Of course, he was ably supported by the superb cast, especially the delightful Jean Arthur, she of the fetching husky voice, childishly querulous at one moment, deeply reassuring the next, the blonde beauty and dazzling smile. Miss Arthur, frequently cast as a secretary or shopgirl, projected an image of warmth, decency and loyalty in most of her roles. Her last screen role embodied all of these qualities–as Van Heflin’s wife in that greatest of all westerns, George Stevens’ Shane. Also present, as Stewart’s opponent, is the great English actor Claude Rains, his hair dyed white for the part, which his magnificent voice and superb professionalism. One of the delights of viewing movies from the 1930s and ’40s is to renew acquaintance with the numerous character actors whose talents helped to shape the picture–Thomas Mitchell, who that same year played an alcoholic doctor in Stagecoach; Edward Arnold, Hollywood’s personification of the American businessman; and, in one of his earliest roles, Jack Carson.

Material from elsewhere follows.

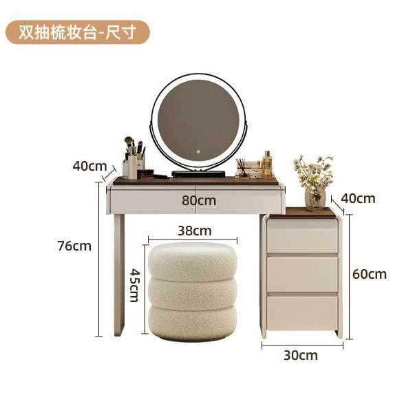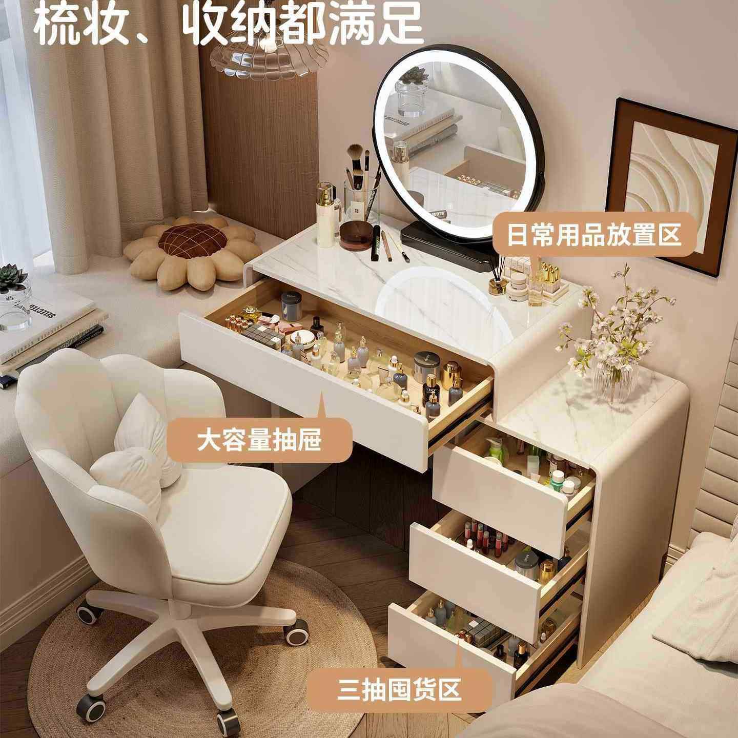 实木小户型梳妆台卧室现代简约2025新款主卧奶油风化妆桌斗柜一体

Mr. Smith is an excellent example of the auteur theory, which Frank Capra put into practice decades before Andrew Sarris popularized the term. Capra’s credo was “One man, one film”–in short, complete control of his films. At Columbia, in the 1930s, Capra was one of the few directors to have this privilege, earned by a succession of phenomenally successful films. His pictures, and Mr. Smith is typical, generally reflected a belief in the basic decency of the American people and their institutions, of warmth and love and humor.
Today, at 85, Frank Capra is retired, his last picture, Pocketful of Miracles (a remake of Lady for a Day), having been made in 1961. His one-time mentor, Harry Cohn, died almost exactly 25 years ago, on February 27, 1958. However, the films from their incredibly productive association are still with us, delighting new generations with their timeless appeal.